Seu reinado foi marcado pela tentativa de reformar a Igreja e por seu uso de investiduras laicas para atingir objetivos políticos e religiosos. Sua política continuou sob seu filho e sucessor, Henrique IV, e levou ao conflito conhecido como a [questão das Investiduras].

O primeiro tutor de Henrique, foi Bruno, Bispo de Augsburg. Com a morte de Bruno em 1029, Egilbert, Bispo de Freisibg, foi nomeado para o seu lugar. Em 1033, com a idade de dezasseis anos, Henrique atingiu a maioridade e Egilberto foi compensado por seus serviços. Em 1035, Adalbero, duque da Caríntia, foi deposto por Conrado, mas Egilberto convenceu Henrique a recusar essa injustiça e os príncipes da Alemanha, tendo elegido legalmente Henrique, não reconheceriam a deposição a menos que seu rei também o reconhecesse. Henrique, de acordo com a sua promessa a Egilberto, não consentiu com o ato de seu pai e Conrado, estupefato, caiu inconsciente após muitas tentativas de convencer Henrique. Ao recuperar-se, Conrado ajoelhou-se diante de seu filho e exigiu o consentimento desejado. Egilberto foi severamente penalizado pelo imperador.

Em 1036, Henrique casou-se com Gunilda da Dinamarca, filha de Canuto, o Grande, rei da Dinamarca, Inglaterra e Noruega, através de sua esposa Ema da Normandia.
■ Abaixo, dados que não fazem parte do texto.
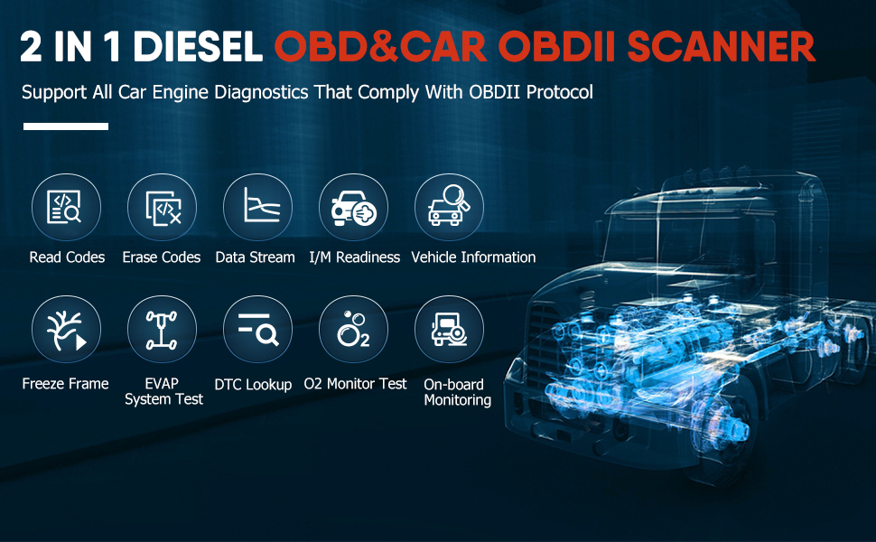 Этот диагностический сканер для грузовиков HD3200 поддерживает диагностику двигателя большинства автомобилей с протоколом OBDII (12 В) после 1996 года, который выполняет те же режимы OBD, что и обычный считыватель кодов OBDII.

Desde o início, o pai de Henrique havia combinado com Canuto para que ele governasse algumas partes do norte da Alemanha (Kiel) e, por sua vez, para que seus filhos se casassem. O casamento ocorreu em Nijmegen na idade legal mais precoce. Em 1038, Henrique foi chamado para ajudar seu pai na Itália, e Gunilda morreu na costa do Adriático durante a viagem de volta (da mesma epidemia com que Hermano IV da Suábia morreu). Em 1039, seu pai também morreu, e Henrique tornou-se o único governante e imperador in spe.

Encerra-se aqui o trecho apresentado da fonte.